(Excerpts from a dataset)
----------------------------------------
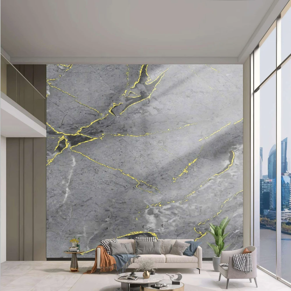 Димензиите од 1220mm ширина и 2900mm висина овозможуваат ефикасно покривање на целосни површини со минимални споеви, што го зголемува визуелниот континуитет. Комбинацијата на неутрална сива основа со живи златни детали создава совршен баланс помеѓу суптилност и луксуз. Материјалот е водоотпорен и лесен за одржување, што го прави идеален избор за простори каде што се бара софистицираност без компромис со функционалноста.
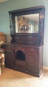 - Antique English Sideboard, Circa Late 1800’s: Unknown maker. Dimensions - 77h x 50w x 21d $900.00
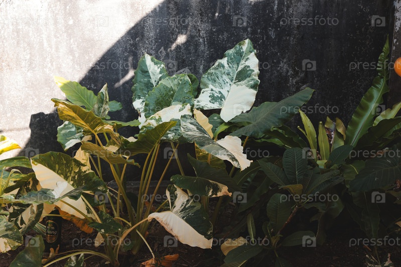 Зелень в яркой городской обстановке. Пышные растения прекрасно контрастируют с темной стеной
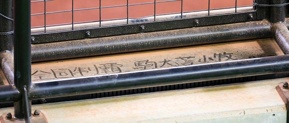 エスコンフィールド北海道で4試合ぶりの登板。本拠地ブルペンのフェンス際には、母校・駒大苫小牧高の後輩たちからの〝メッセージ〟が刻まれている。今夏の南・北北海道大会の準決勝と決勝は、同球場で実施。球児たちがしたためた『全国制覇 駒大苫小牧』、『北海道で1番長く』という決意が、1カ月以上たった今も消えずに残っている。
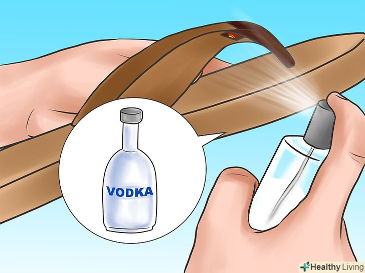 Розпиліть горілку на поверхню сандалі. так само як і спирт, це допоможе усунути неприємний запах. Налийте трохи горілки у флакон з розпилювачем і обприскати ваші сандалі. Залиште їх висихати на сонці протягом декількох годин. [9]
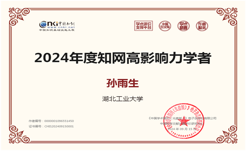 近日,中国知网揭晓了2024年度知网影响力学者名单,经济与管理学院孙雨生、涂科等两位教师成功入选。
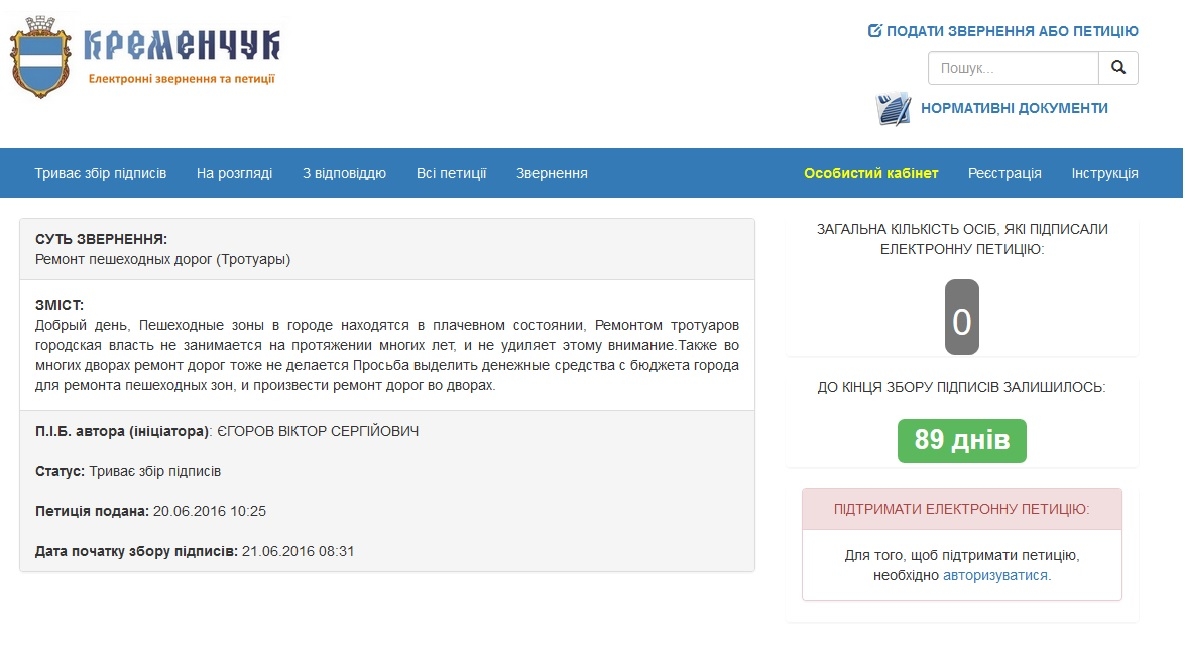 21 июня на сервисе электронных петиций мэрии появилось новое обращение к мэру Кременчуга Виталию Малецкому с требованием отремонтировать тротуары.
----------------------------------------
To do: Copy only the lines above from the one containing "Зелень в яркой" through the one containing "近日,中国知网揭晓了2024", both included. Leave out the pictures.

Task response:
 Зелень в яркой городской обстановке. Пышные растения прекрасно контрастируют с темной стеной
 エスコンフィールド北海道で4試合ぶりの登板。本拠地ブルペンのフェンス際には、母校・駒大苫小牧高の後輩たちからの〝メッセージ〟が刻まれている。今夏の南・北北海道大会の準決勝と決勝は、同球場で実施。球児たちがしたためた『全国制覇 駒大苫小牧』、『北海道で1番長く』という決意が、1カ月以上たった今も消えずに残っている。
 Розпиліть горілку на поверхню сандалі. так само як і спирт, це допоможе усунути неприємний запах. Налийте трохи горілки у флакон з розпилювачем і обприскати ваші сандалі. Залиште їх висихати на сонці протягом декількох годин. [9]
 近日,中国知网揭晓了2024年度知网影响力学者名单,经济与管理学院孙雨生、涂科等两位教师成功入选。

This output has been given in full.